Problem statement
Could you transcribe the entries below exactly, without any of the pictures?

Entries provided
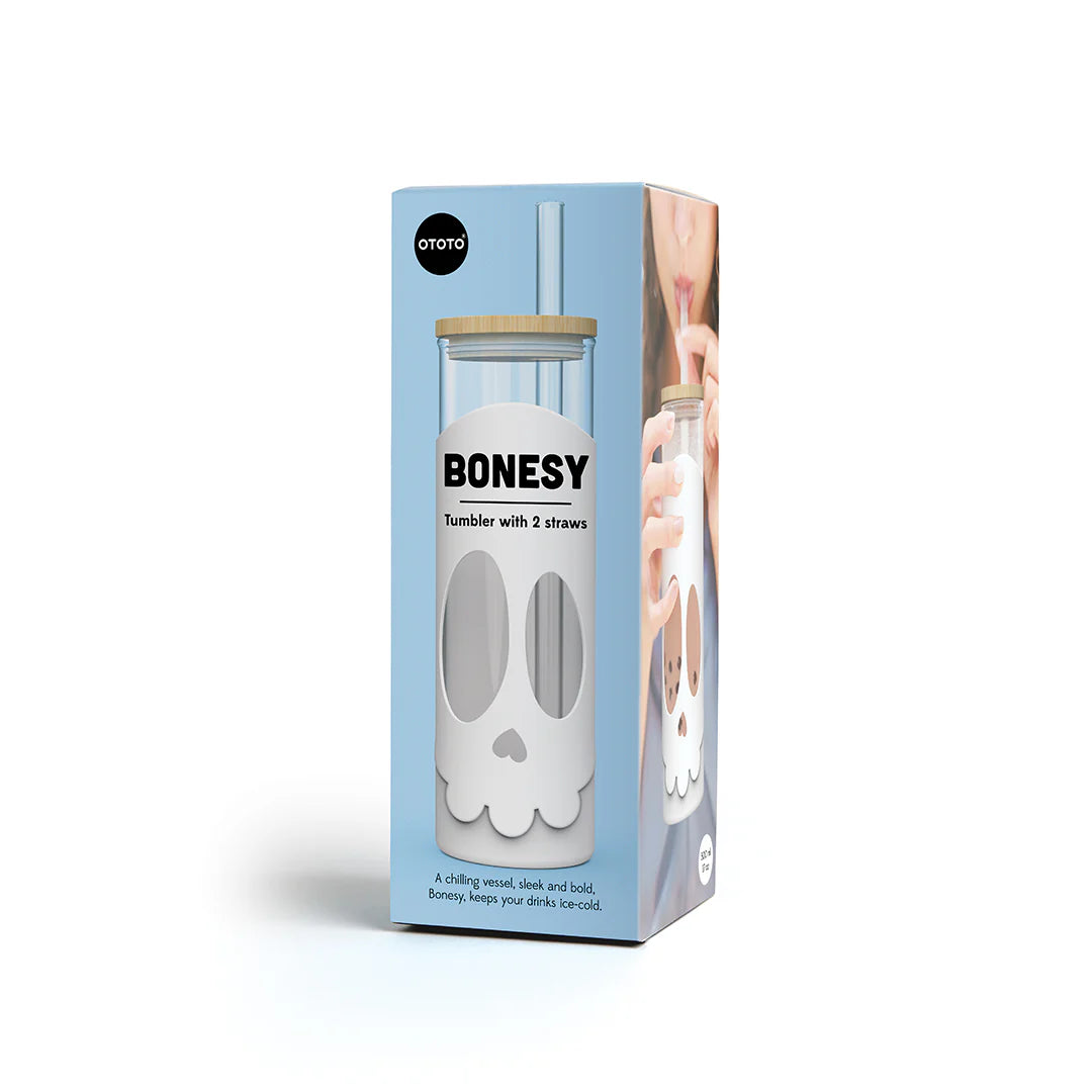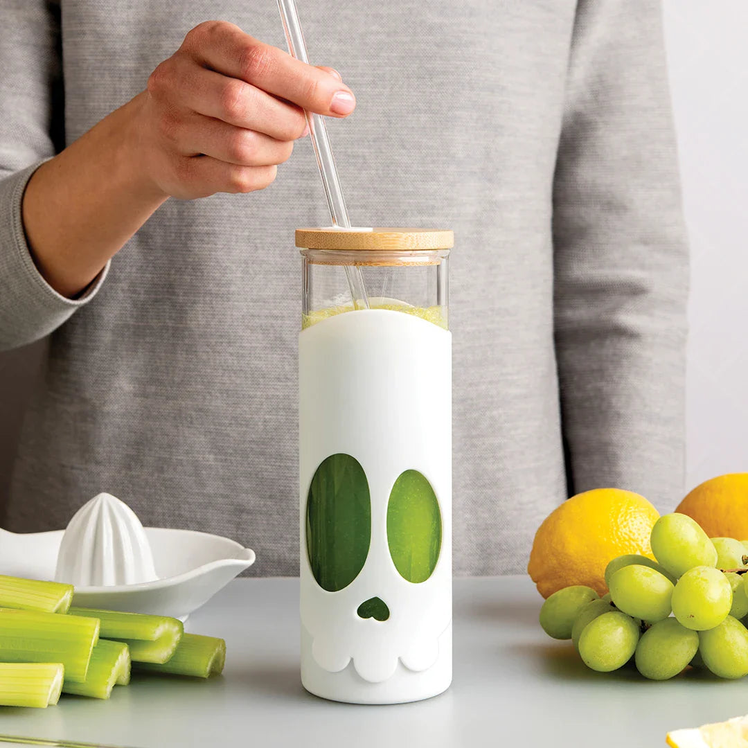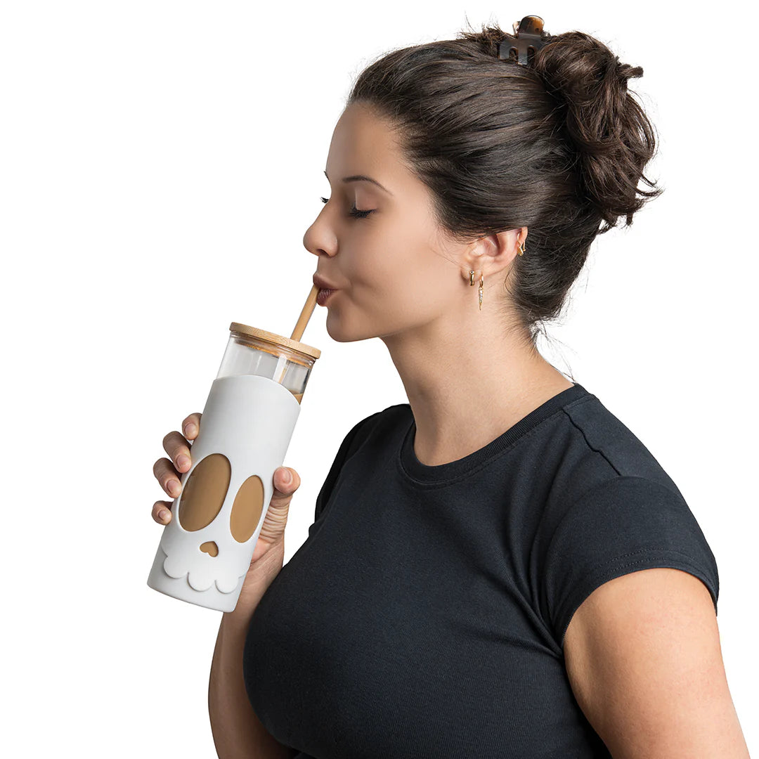 Meet Bonesy, the glass water bottle skeleton crew for your iced brews!
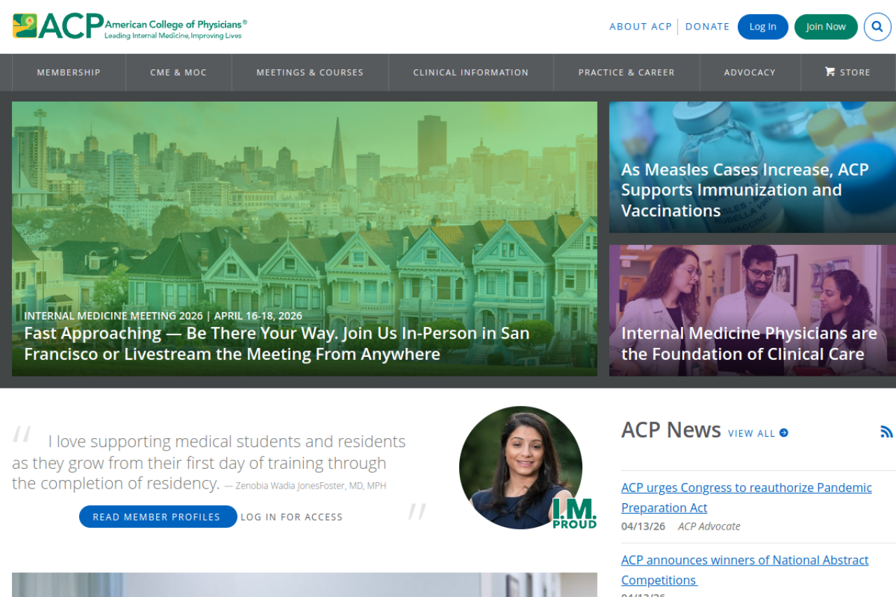 Official site of the American College of Physicians. ACP provides advocacy, practice tools, clinical guidance, CME and MOC for Internal Medicine and more.
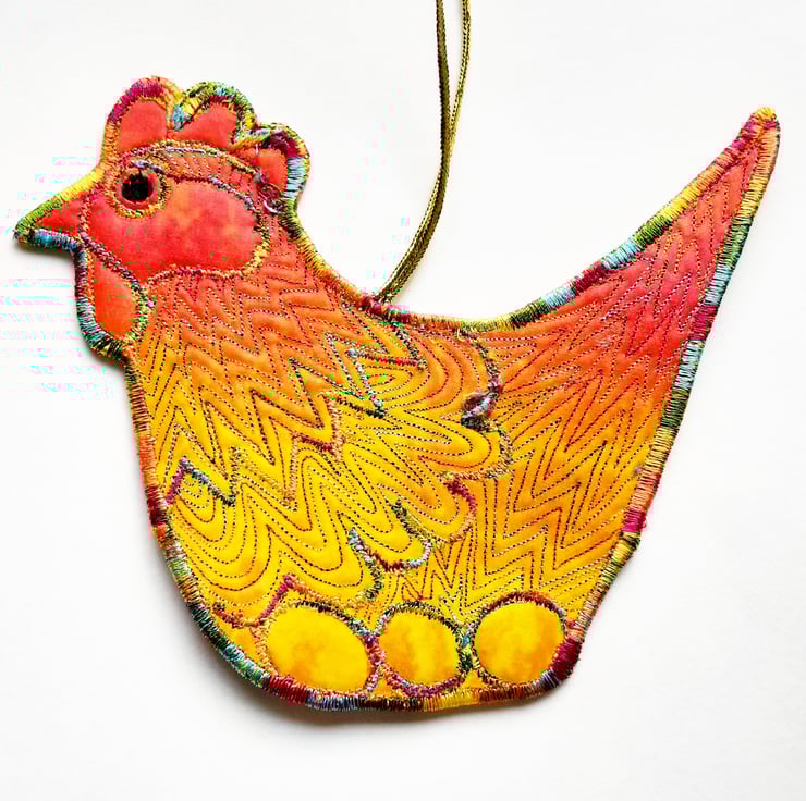 This is a handmade textile hen hanging decoration, sitting on 3 golden eggs.
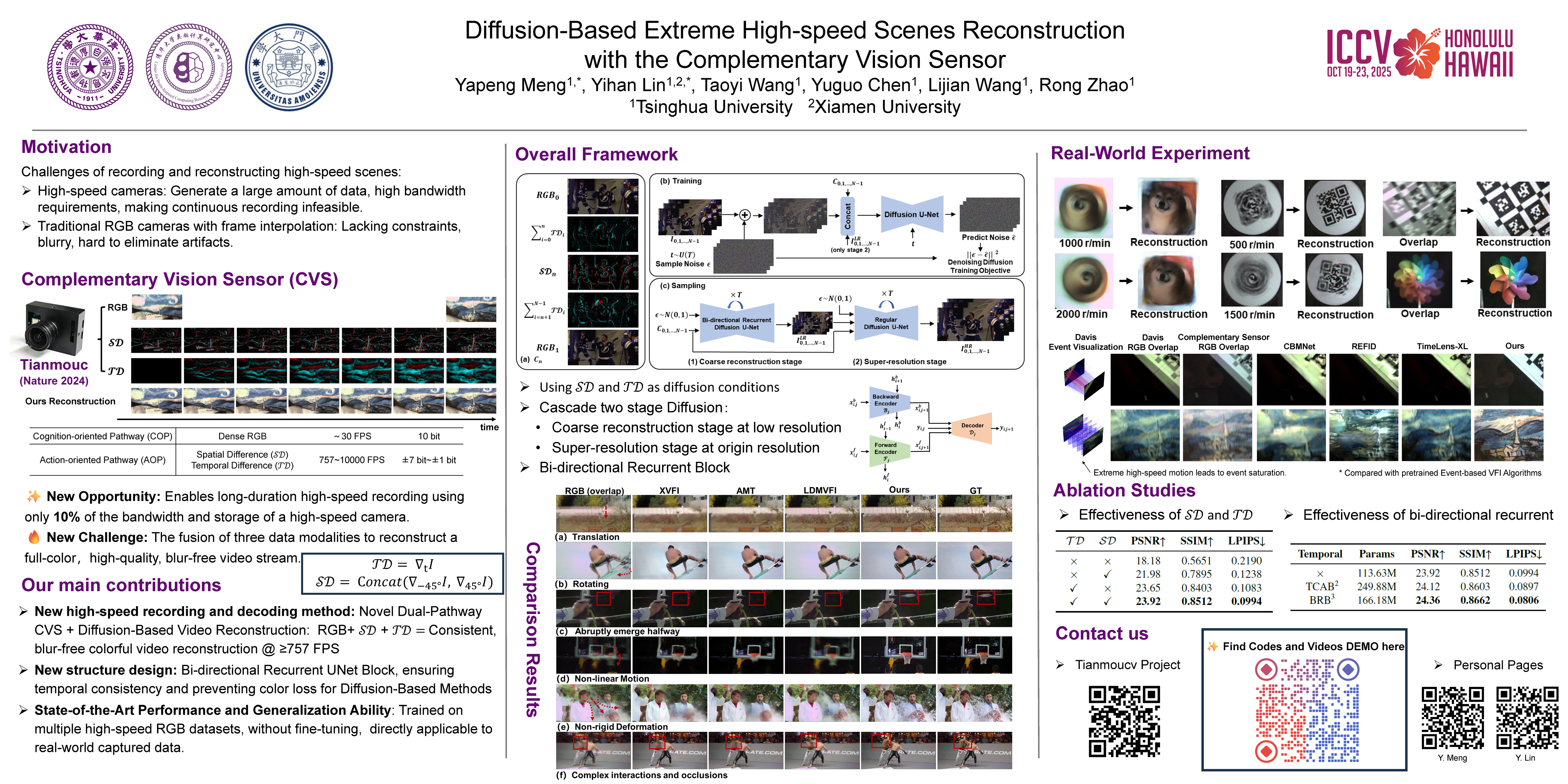 Recording and reconstructing high-speed scenes poses a significant challenge. The high bandwidth of high-speed cameras makes continuous recording unsustainable, while the frame interpolation methods using traditional RGB cameras (typically 30 fps) introduce artifacts and are affected by motion blur. Leveraging sensors inspired by the human visual system, such as event cameras, provides high-speed parse temporal variation or spatial variation data to alleviate the ill-conditioned problem of high-speed reconstructing with traditional RGB cameras. However, existing methods still suffer from RGB blur, temporal aliasing, and loss of event information. To overcome the above challenges, we leverage a novel dual-pathway complementary vision sensor, which outputs high-speed, sparse spatio-temporal differential frames between two RGB frames as reconstruction conditions. Further, we propose a cascaded bi-directional recurrent diffusion model (CBRDM) that can achieve accurate, sharp, color-rich video frames reconstruction results. Our method improves the LPIPS metric by 37.6% over state-of-the-art RGB interpolation algorithms and achieves superior performance in real-world comparisons with event cameras. Our code and dataset will be publicly available.
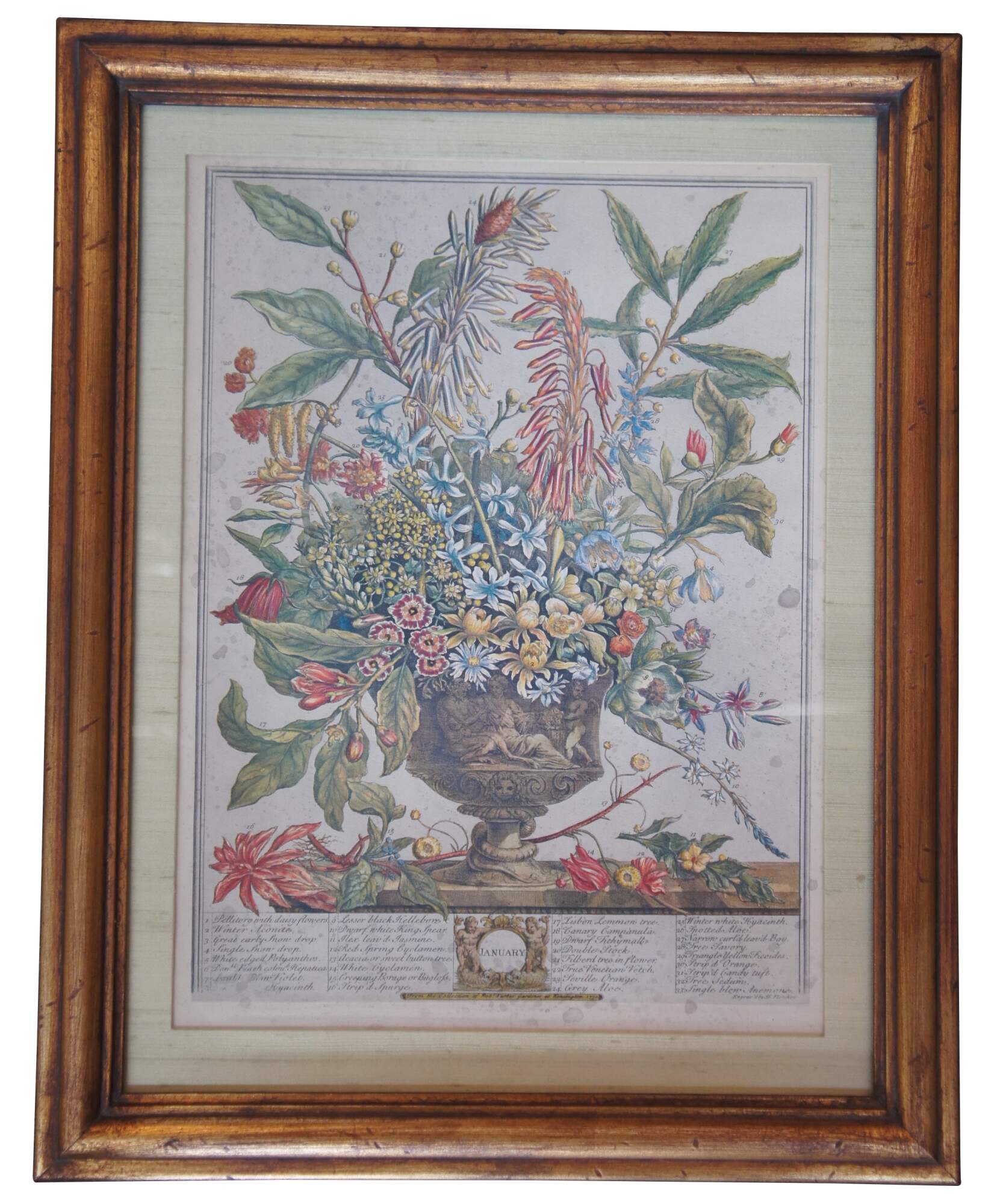 Six framed antique colored botanical engravings from a series titled “Twelve Months of Flowers,” original produced in the 1730’s to advertise Robert Furber's plant and seed catalog. People could select the flowers of the month and buy the seeds by using the numbers referenced at the bottom. Furber commissioned painter Peter Casteels and engraver Henry Fletcher to create the images. Includes January, February, April, May, September and November.
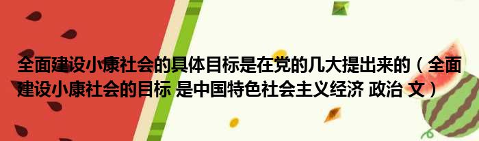 全面建设小康社会的具体目标是在党的几大提出来的(全面建设小康社会的目标 是中国特色社会主义经济 政治 文)
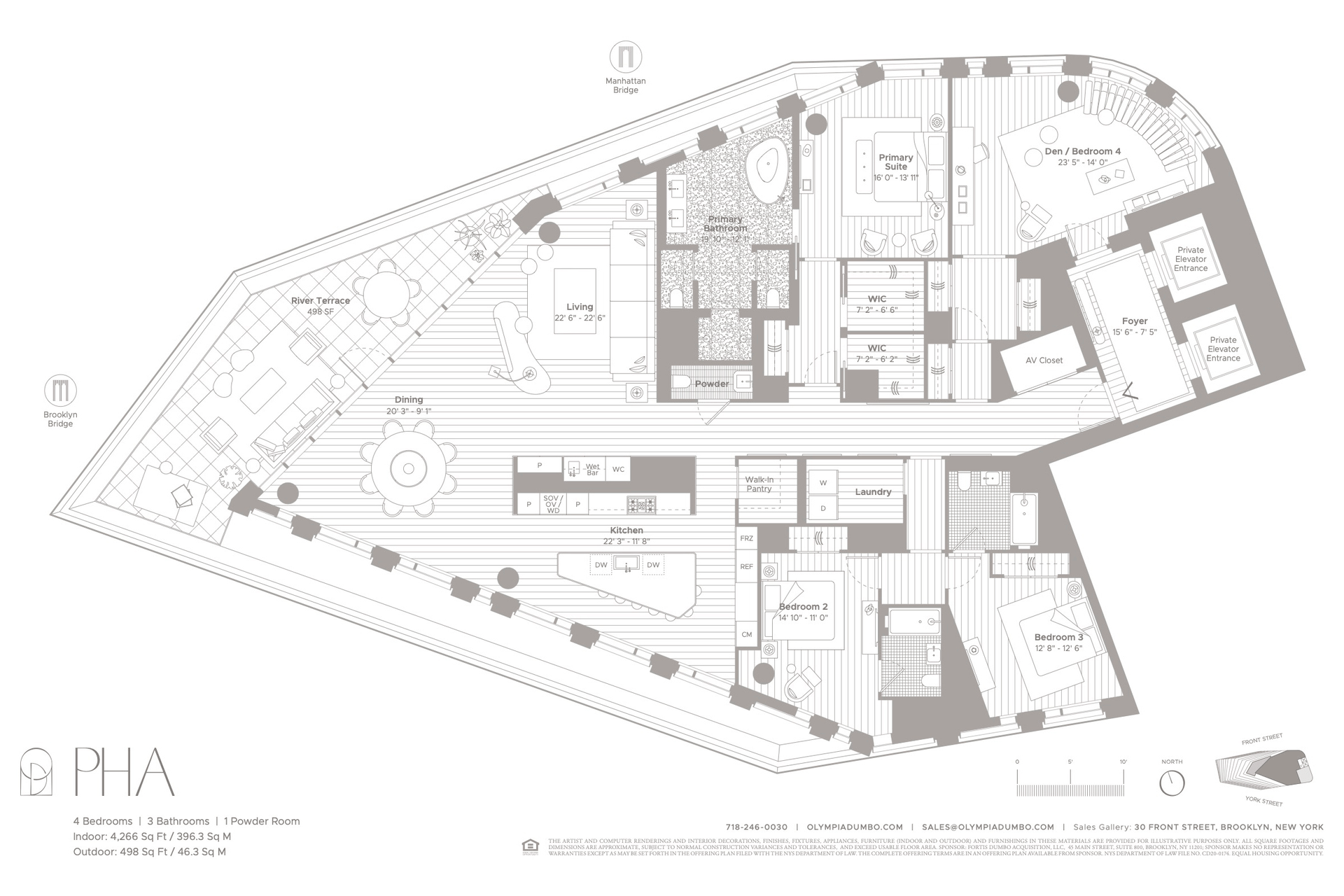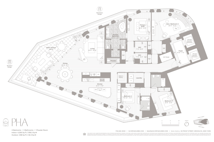 With 360 views and a private 498 SF river-facing terrace, this four-bedroom, three-and-a-half bath penthouse is 4,266 SF of entertaining perfection. Perched atop of Olympia Dumbo, PHA spans across the entire top floor, boasting breathtaking views from the 33rd floor, and ceiling heights up to 13’.
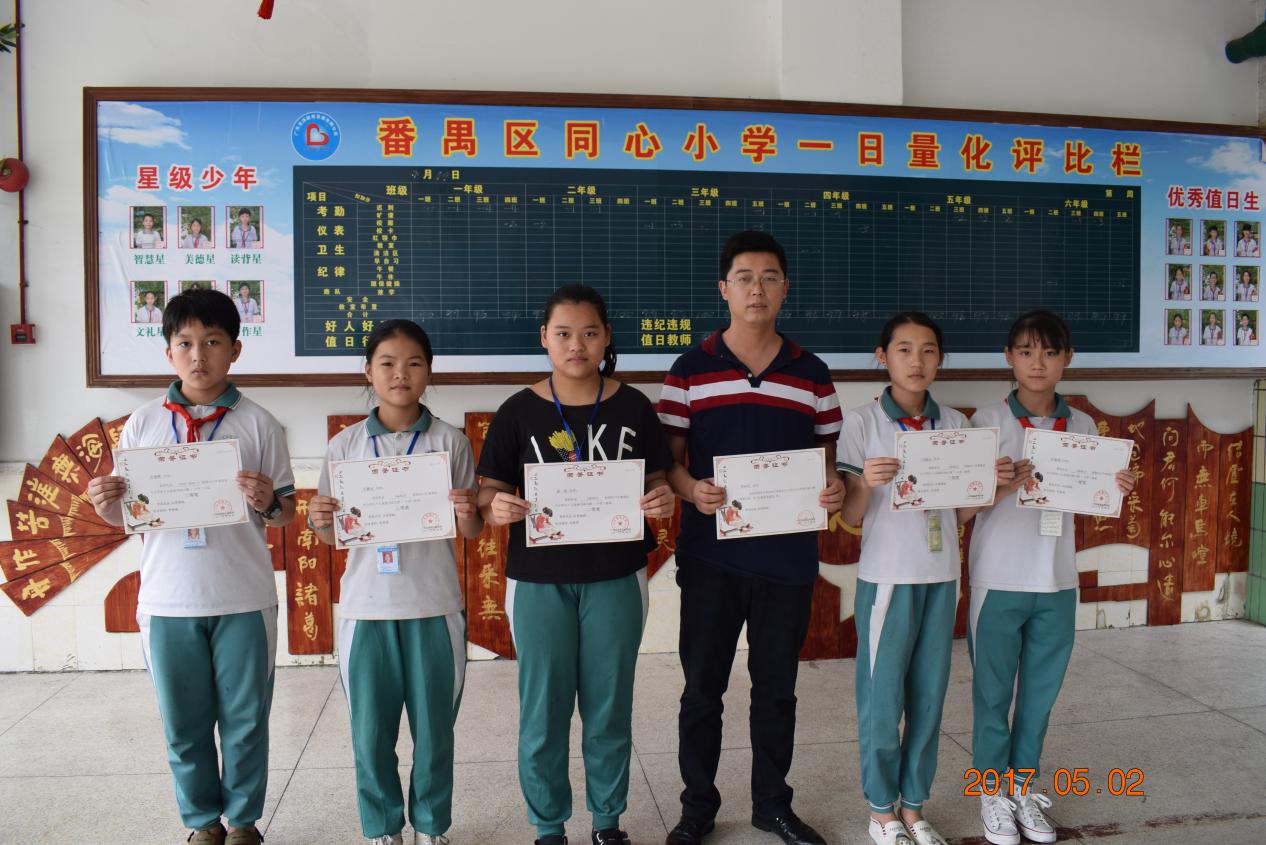 号外!号外!我校美术社团在美术组符林博老师带领下,再创新绩。本次参加教育局组织的千人书画大赛中,有6人次获奖,其中604班冉蕊琦获小学绘画一等奖,604班苏玲、503班刁顾云获小学绘画二等奖,601班王雅欣获小学绘画类三等奖,605班肖瑞辉荣获小学书法二等奖,符林博老师被评为优秀指导老师。

Response
 Meet Bonesy, the glass water bottle skeleton crew for your iced brews!
 Official site of the American College of Physicians. ACP provides advocacy, practice tools, clinical guidance, CME and MOC for Internal Medicine and more.
 This is a handmade textile hen hanging decoration, sitting on 3 golden eggs.
 Recording and reconstructing high-speed scenes poses a significant challenge. The high bandwidth of high-speed cameras makes continuous recording unsustainable, while the frame interpolation methods using traditional RGB cameras (typically 30 fps) introduce artifacts and are affected by motion blur. Leveraging sensors inspired by the human visual system, such as event cameras, provides high-speed parse temporal variation or spatial variation data to alleviate the ill-conditioned problem of high-speed reconstructing with traditional RGB cameras. However, existing methods still suffer from RGB blur, temporal aliasing, and loss of event information. To overcome the above challenges, we leverage a novel dual-pathway complementary vision sensor, which outputs high-speed, sparse spatio-temporal differential frames between two RGB frames as reconstruction conditions. Further, we propose a cascaded bi-directional recurrent diffusion model (CBRDM) that can achieve accurate, sharp, color-rich video frames reconstruction results. Our method improves the LPIPS metric by 37.6% over state-of-the-art RGB interpolation algorithms and achieves superior performance in real-world comparisons with event cameras. Our code and dataset will be publicly available.
 Six framed antique colored botanical engravings from a series titled “Twelve Months of Flowers,” original produced in the 1730’s to advertise Robert Furber's plant and seed catalog. People could select the flowers of the month and buy the seeds by using the numbers referenced at the bottom. Furber commissioned painter Peter Casteels and engraver Henry Fletcher to create the images. Includes January, February, April, May, September and November.
 全面建设小康社会的具体目标是在党的几大提出来的(全面建设小康社会的目标 是中国特色社会主义经济 政治 文)
 With 360 views and a private 498 SF river-facing terrace, this four-bedroom, three-and-a-half bath penthouse is 4,266 SF of entertaining perfection. Perched atop of Olympia Dumbo, PHA spans across the entire top floor, boasting breathtaking views from the 33rd floor, and ceiling heights up to 13’.
 号外!号外!我校美术社团在美术组符林博老师带领下,再创新绩。本次参加教育局组织的千人书画大赛中,有6人次获奖,其中604班冉蕊琦获小学绘画一等奖,604班苏玲、503班刁顾云获小学绘画二等奖,601班王雅欣获小学绘画类三等奖,605班肖瑞辉荣获小学书法二等奖,符林博老师被评为优秀指导老师。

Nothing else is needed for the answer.